- [GIVEN INFORMATION]:
┄┄┄┄┄┄

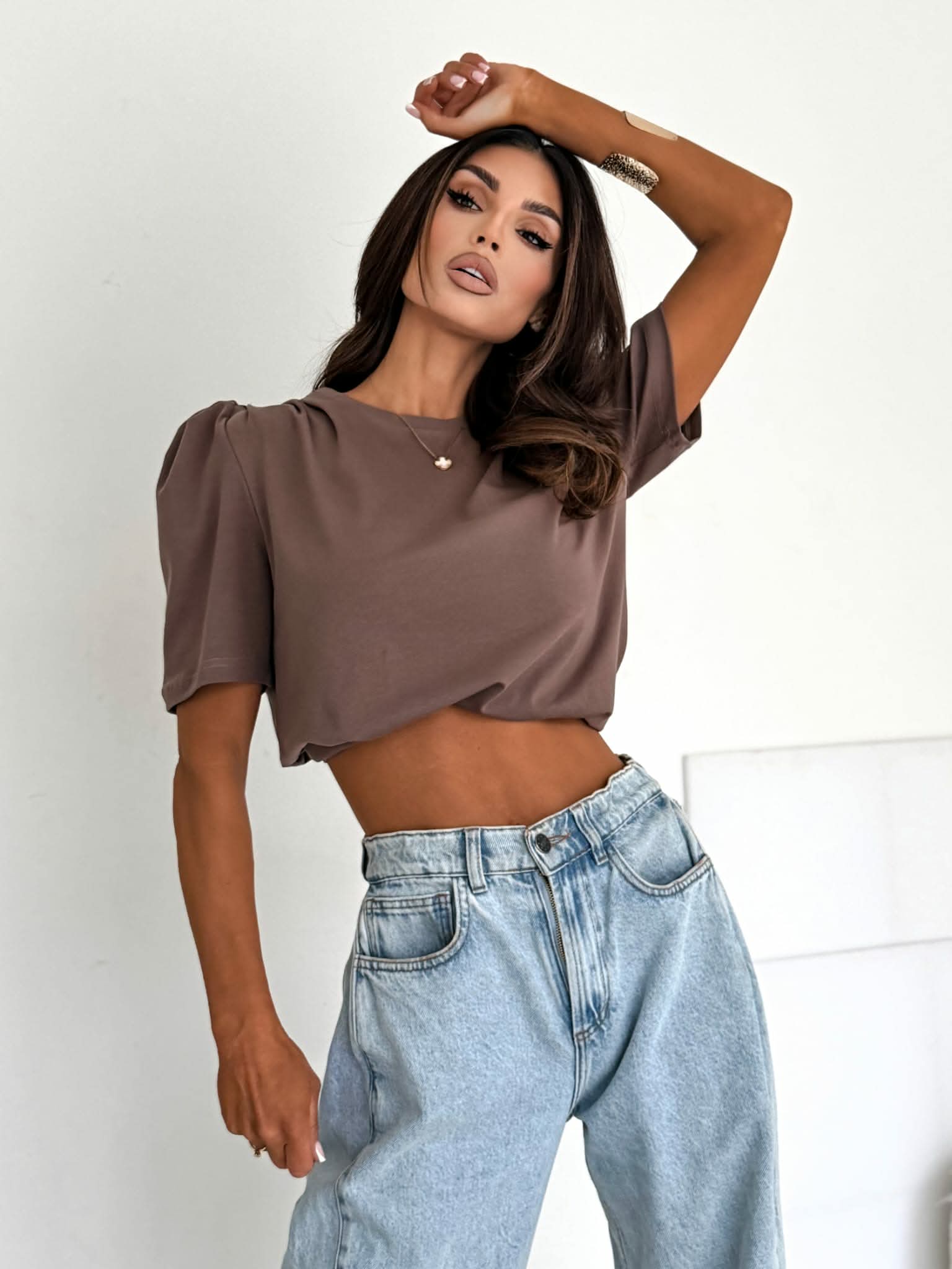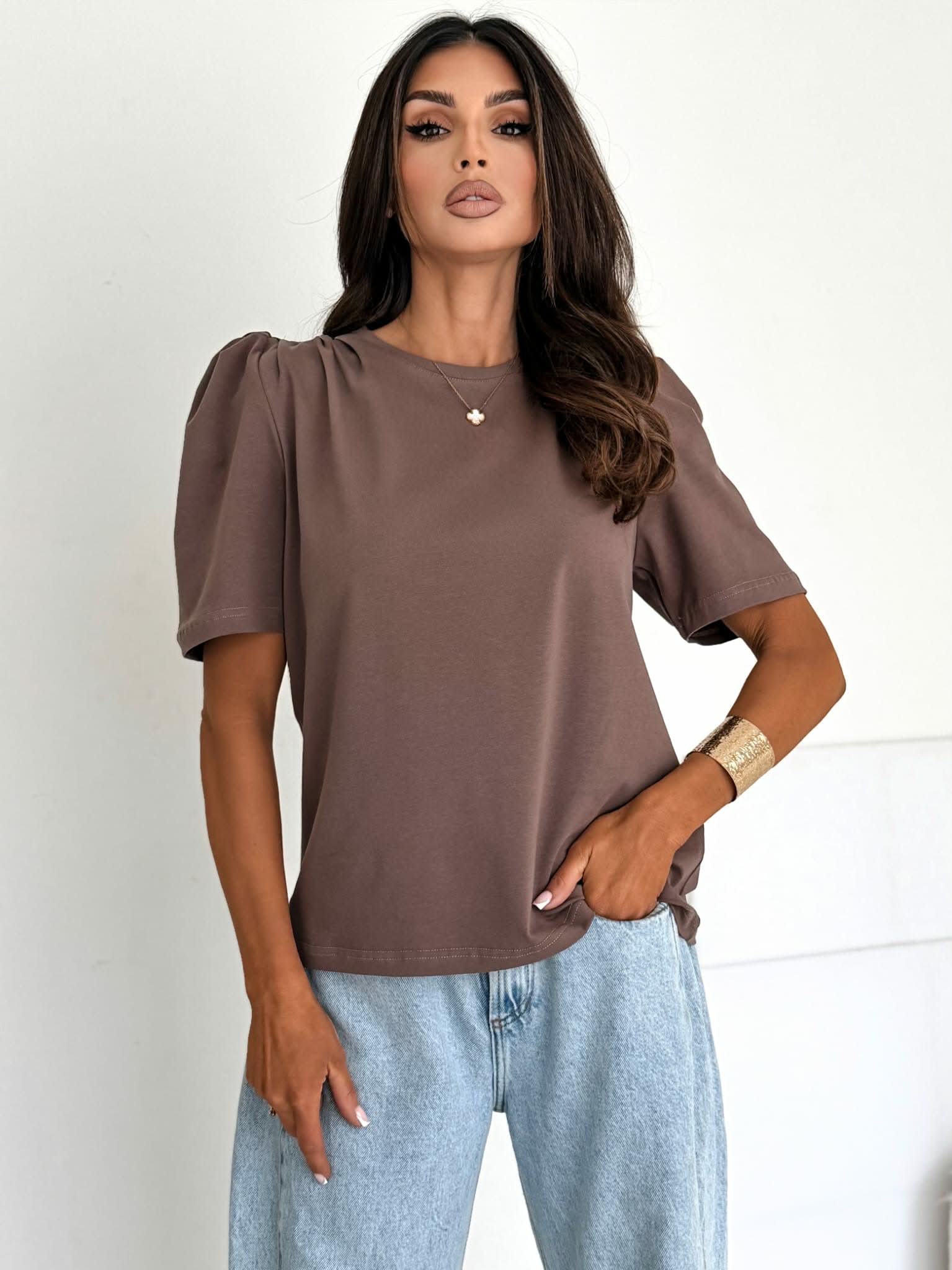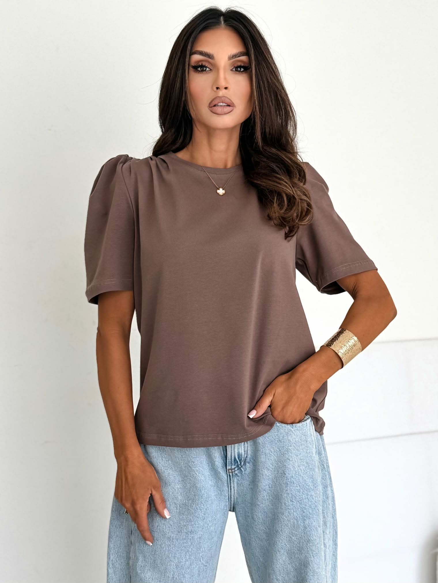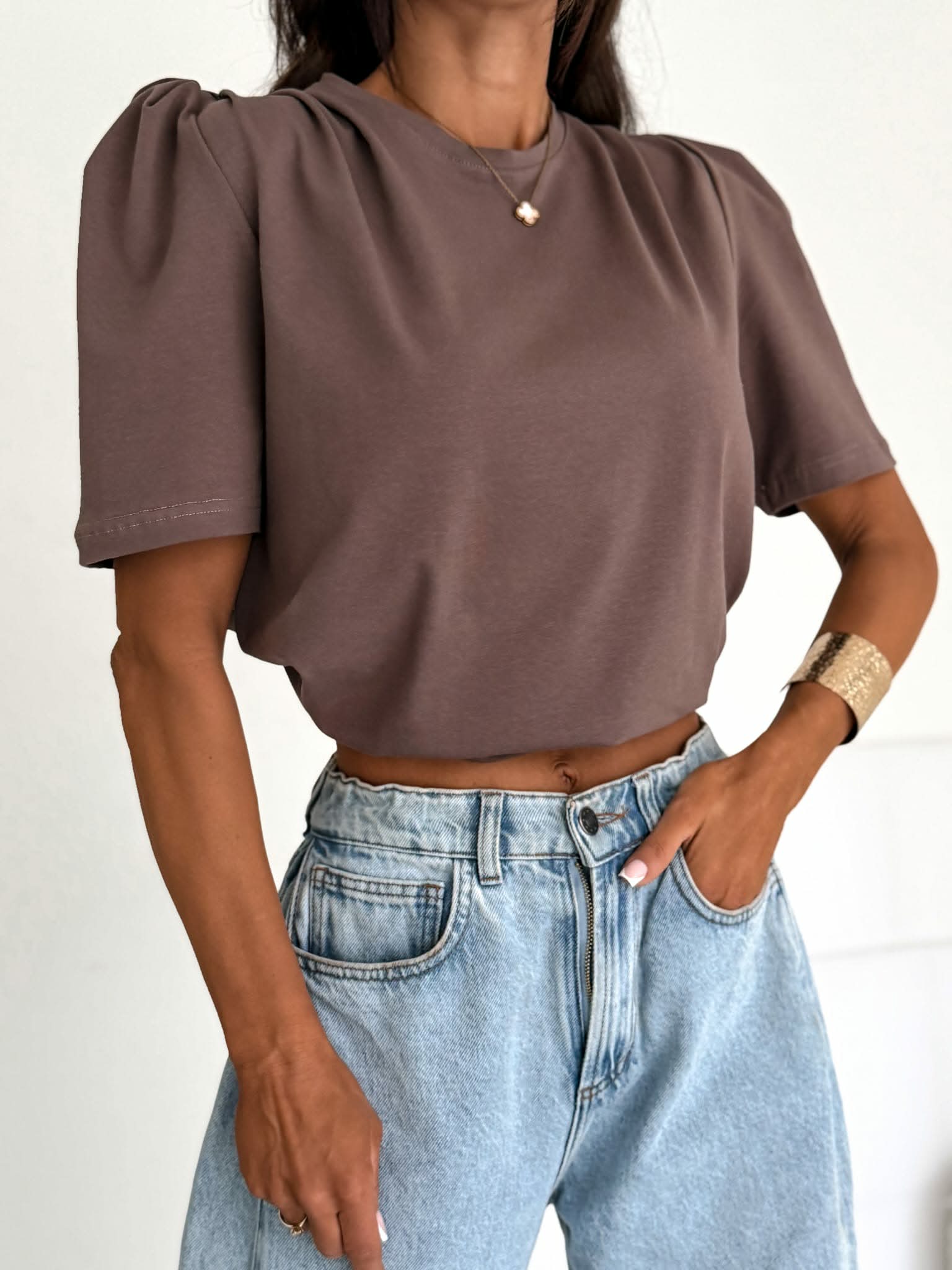 Prezentujemy Wam nowy wariant bluzki z bufką krótkim rękawem. Tym razem w odcieniu chocolate.
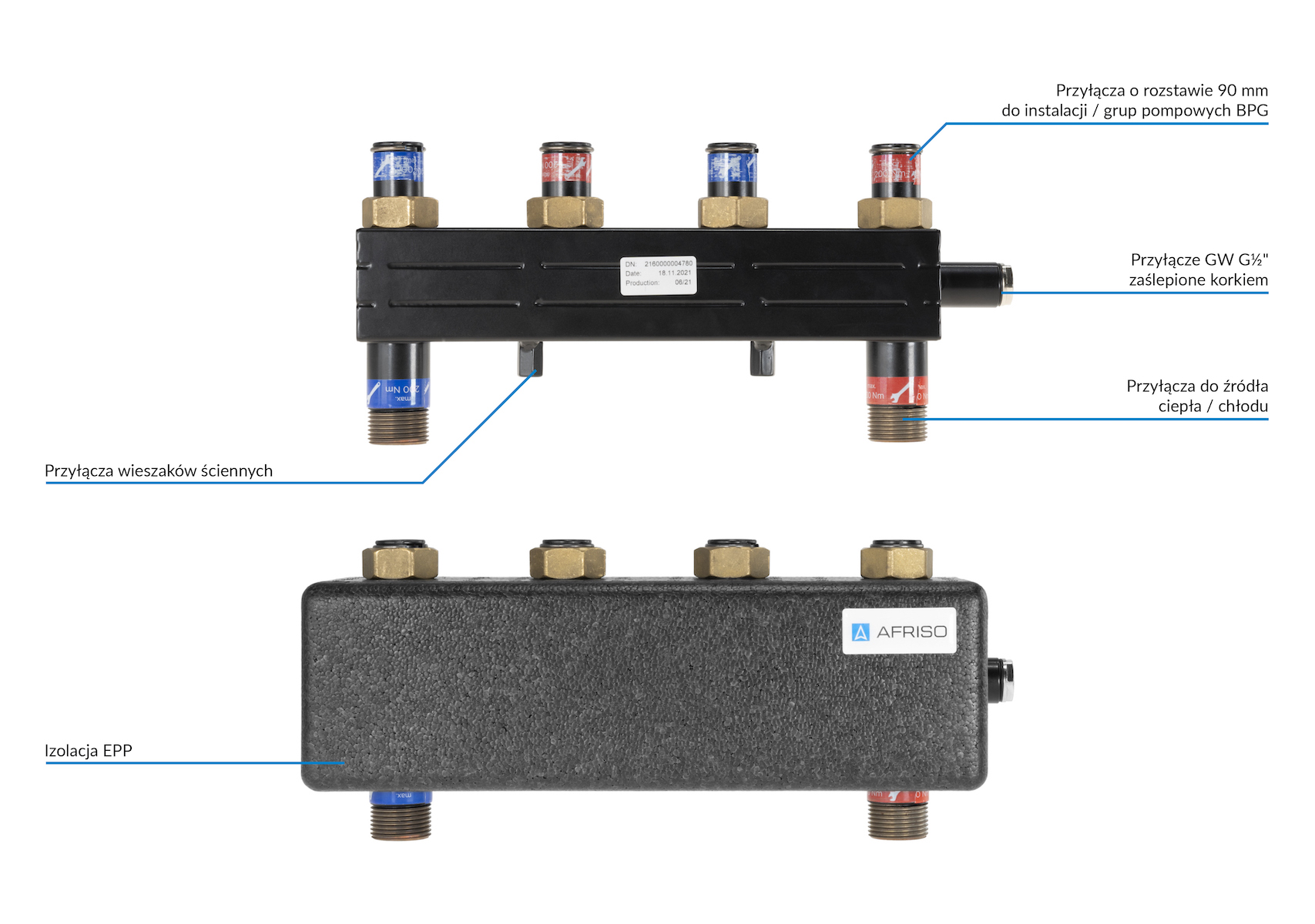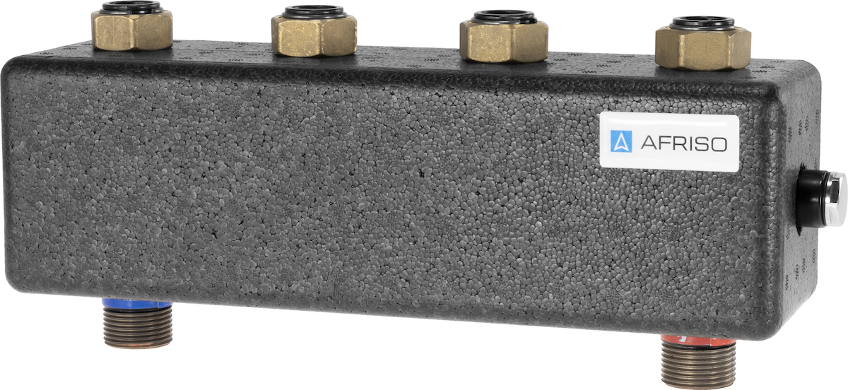 Rozdzielacz do instalacji c.o. AFRISO KSV 90-2 HW GZ 1'', 2-obieg. Nakrętka 1'', max. 50 kW
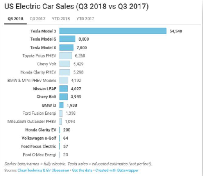 В 4-м квартале 2018-го года продажи автомобилей выросли до 90,7 тыс. единиц, что на 8% больше, чем в прошлом квартале (оба квартала с рекордными показателями), включая 63 150 единиц Model 3 (13% рост по сравнению с 3-м кварталом 2018-го года), 13 500 Model S и 14 050 Model X.
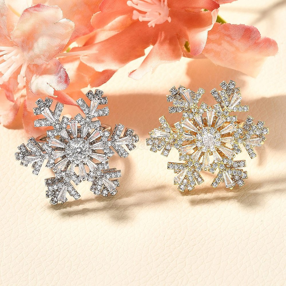 Снежинка вращающиеся открытые манжеты кольца для женщин, латунные кольца-спиннеры с микро-паве и прозрачным кубическим цирконием

┄┄┄┄┄┄

- [INSTRUCTIONS TO FOLLOW]:
Return the data exactly. Do not carry over any images.

- [WRITTEN REPLY]:
 Prezentujemy Wam nowy wariant bluzki z bufką krótkim rękawem. Tym razem w odcieniu chocolate.
 Rozdzielacz do instalacji c.o. AFRISO KSV 90-2 HW GZ 1'', 2-obieg. Nakrętka 1'', max. 50 kW
 В 4-м квартале 2018-го года продажи автомобилей выросли до 90,7 тыс. единиц, что на 8% больше, чем в прошлом квартале (оба квартала с рекордными показателями), включая 63 150 единиц Model 3 (13% рост по сравнению с 3-м кварталом 2018-го года), 13 500 Model S и 14 050 Model X.
 Снежинка вращающиеся открытые манжеты кольца для женщин, латунные кольца-спиннеры с микро-паве и прозрачным кубическим цирконием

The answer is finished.